Мы смеялись дольше положенного, войдя в предканикулярный раж.
– Финн?
– История – это уверенность, которая рождается на том этапе, когда несовершенства памяти накладываются на нехватку документальных свидетельств.
– Вот как? Кто же такое сказал?
– Лагранж, сэр. Патрик Лагранж. Француз.
– Тогда понятно. Будьте добры, приведите пример.
– Самоубийство Робсона, сэр.
По классу пролетел общий вдох; многие стали крутить головами, рискуя получить замечание. Но Хант, как и другие учителя, отводил Адриану особую роль. Когда кто-нибудь из нас позволял себе провокационное высказывание, его пропускали мимо ушей как мальчишество – недостаток, который с возрастом проходит. Провокации Адриана почему-то приветствовались как поиски истины, пусть даже неумелые.
– Какое это имеет отношение к делу?
– Это историческое событие, сэр, хотя и скромного масштаба. Зато свежее. Поэтому его легко трактовать как историю. Мы знаем, что Робсон мертв, знаем, что у него была подруга, знаем, что она беременна – точнее, была беременна. Что еще мы имеем? Единственный документ: предсмертную записку, в которой сказано: «Мама, прости» – если верить Брауну. Эта записка цела? Или уничтожена? Имелись ли у Робсона другие побуждения или мотивы, наряду с очевидными? В каком душевном состоянии он пребывал? Можно ли наверняка утверждать, что ребенок – от него? У нас нет ответов, даже сейчас, когда эти события еще свежи в памяти. А если кто-нибудь возьмется написать историю Робсона через пятьдесят лет, когда его родителей уже не будет в живых, а подруга уедет куда глаза глядят и вообще не захочет о нем вспоминать? Улавливаете суть проблемы, сэр?
Мы все уставились на Ханта, опасаясь, что в этот раз Адриан зашел слишком далеко. Слово «беременна» висело в воздухе меловой пылью. А дерзкое предположение о сомнительном отцовстве, которое выставило Робсона школьником-рогоносцем… Через некоторое время учитель ответил:
– Я улавливаю суть проблемы, Финн. Но полагаю, что вы недооцениваете историю. И кстати, историков тоже.
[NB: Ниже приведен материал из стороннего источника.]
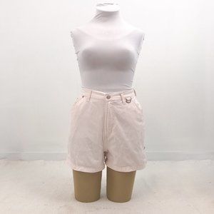 Vintage 90s Bill Blass designer high rise mom Jean Shorts. spring/summer mid-weight cotton high waist denim shorts in pale baby pink. pockets, working buttons. Tiny age dot by front right pocket p8. GUC.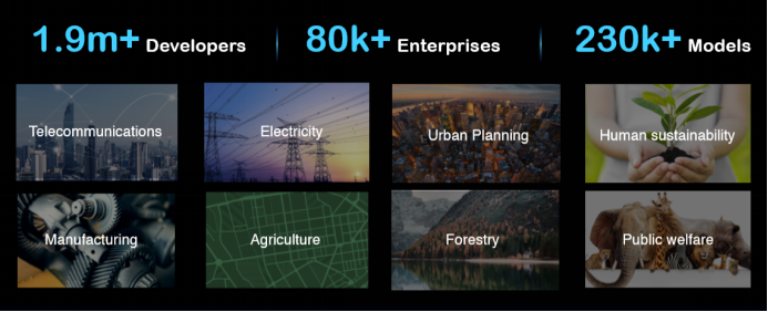 吴甜用一张图展示了飞桨的快速发展,截至目前,飞桨已经凝聚了194万开发者,服务8.4万家企业,创造了23.3万模型,覆盖有通信、电力、城市管理、制造、农业等行业,是国内最领先、服务开发者规模最大、功能最完备的开源开放深度学习平台。

Давайте примем, в рамках сугубо научной дискуссии, что бедный Робсон будет представлять собой определенный исторический интерес. Историки во все века сталкивались с нехваткой прямых доказательств. Им к этому не привыкать. Позвольте напомнить, что в данном случае, по всей видимости, было проведено расследование, а значит, осталось заключение коронера. Вполне возможно, что Робсон вел дневник, писал письма, делал телефонные звонки, содержание которых стало известно. Его родители, скорее всего, отвечали на соболезнования. А через пятьдесят лет, учитывая нынешнюю продолжительность жизни, многие его одноклассники будут еще способны давать интервью. Наверное, дело не столь безнадежно, как вам представляется.
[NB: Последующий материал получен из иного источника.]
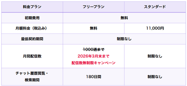 ※2026年4月以降、フリープランの月間配信数は1000通までとなる予定です。

– Но ничто не заменит показаний самого Робсона, сэр.
– С одной стороны, да. Но с другой, историки по долгу службы относятся к показаниям участников событий с известной долей скепсиса. Причем особое недоверие вызывают те заявления, которые сделаны с прицелом на будущее.
– Вам виднее, сэр.
– А поступки человека зачастую выдают его душевное состояние. Тиран вряд ли будет писать записку с просьбой уничтожить врага.
– Вам виднее, сэр.
– Естественно.
Можно ли принять это как дословное воспроизведение их диалога? Почти наверняка нет. Но я по мере сил соблюдаю точность.
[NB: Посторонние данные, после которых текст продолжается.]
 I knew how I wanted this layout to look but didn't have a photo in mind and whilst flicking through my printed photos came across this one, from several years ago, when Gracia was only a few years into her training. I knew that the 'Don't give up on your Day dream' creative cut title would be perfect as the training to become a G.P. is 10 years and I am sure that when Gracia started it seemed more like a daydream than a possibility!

После окончания школы мы поклялись в дружбе до гроба и разошлись в разные стороны. Адриан, как и предполагалось, получил стипендию для поступления в Кембридж. Я начал изучать историю в Бристольском университете. Колин обосновался в Суссексе; Алекс пошел по отцовским стопам – в бизнес. Мы писали друг другу письма, как делали в ту эпоху все нормальные люди, даже молодые. Но эпистолярным жанром мы владели слабо, а потому наше ерничество иногда заслоняло важность содержания. Начать письмо словами: «Сим подтверждаю получение Вашей эпистолы от 17-го числа сего месяца» – казалось нам верхом остроумия, по крайней мере на первых порах.
Мы решили встречаться каждый раз, когда трое новоиспеченных студентов будут приезжать домой на каникулы, но это не всегда получалось. А переписка, можно сказать, изменила динамику наших отношений. Мы трое все более вяло писали друг другу, зато Адриану – с возрастающим энтузиазмом. Нам хотелось его внимания и одобрения; мы его обхаживали, ему первому рассказывали самые крутые истории, причем каждый из нас считал, что сделался – и совершенно заслуженно – его ближайшим другом. Каждый из нас постоянно заводил новых знакомых, тогда как Адриан, в нашем понимании, был одинок: получалось, что ближе нашей троицы у него по-прежнему никого нет и что он зависим от нас. А может, мы просто не признавались себе, что сами попали от него в зависимость?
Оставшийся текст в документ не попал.